Alors que ces deux premiers films jouent sur un hyper réalisme et que les voix discordantes des jeunes dans le premier et des femmes dans le second remplissent la toile sonore pendant que l’action bat son plein, le calme vient s’installer dans les deux films suivants, comme si on passait de l’autre côté du miroir, là où se logent les rêves absurdes et les manifestations métaphysiques. Ils opèrent un glissement vers une forme de surréalisme qui traite l’absurde et questionne notre raison d’être.

 
DON'T PANIC

Wissam Charaf avec Don’t Panic joue avec l’absurde de situation en confrontant deux personnages sur un banc public, un ancien coach de vie devenu totalement impuissant et dépressif avec la crise monétaire et son ancien patient qui se propose de devenir coach de la mort.
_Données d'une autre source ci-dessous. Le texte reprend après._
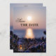 Um casamento no inverno romântico Salve a Data com um pôr do sol no oceano com uma lanterna festiva com luzes cintilantes.
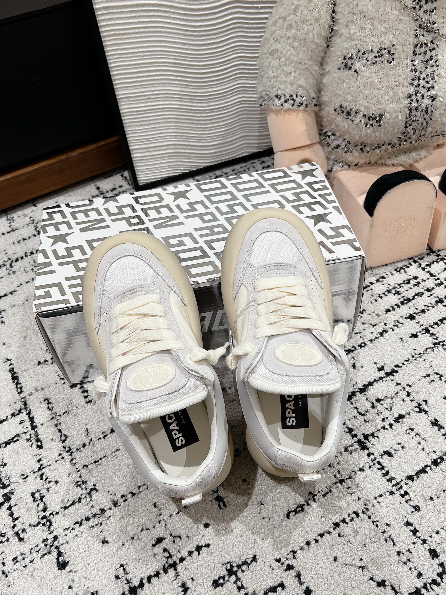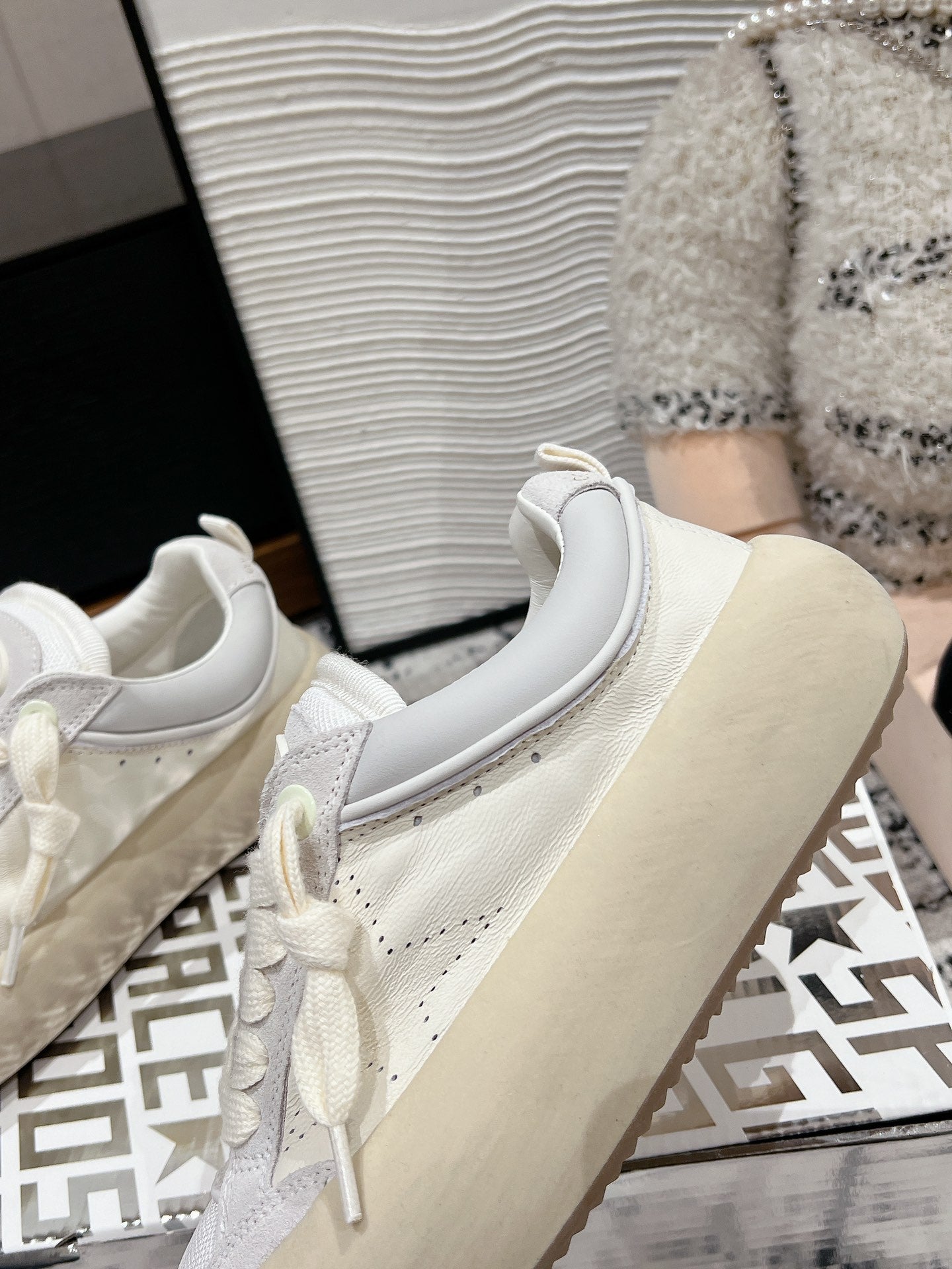 SPACE-STAR CUBE SNEAKERS IN WHITE CALFSKIN MIX CANVAS WITH PERFORATED STAR

C’est la crise économique et la dévaluation de la livre libanais qui confèrent la toute-puissance masculine à ceux à qui profite la crise, comme ce personnage de changeur, un nabot qui rentre à la pharmacie réclamer des capotes XXL.

Et que va t-il se passer ensuite quand un petit bout de ciel va se détacher pour nous tomber dessus ? C’est Areej Mahmoud avec A Piece of heaven qui clôture le film avec son court métrage qui pousse encore plus loin les limites de notre compréhension dans une fable toute en poésie. Chaker Bou Abdalla, y joue son propre rôle de comédien de Stand Up et devient malgré lui l’instigateur d’une prédiction qui se réalise. Une météorite va nous tomber sur la tête. La ville qui se vide, les rues qui prennent la dimension de la solitude, nous transposent dans une troisième dimension aux confins de la fin du monde. Les libanais qui ont appris à danser sur les décombres et à cueillir leur sort comme un destin dont ils ne sont pas le maître, voilà qui est dit et tout qui reste à faire, et c’est la preuve que seul le cinéma a le pouvoir de changer les choses et la fiction, celui de nous sauver.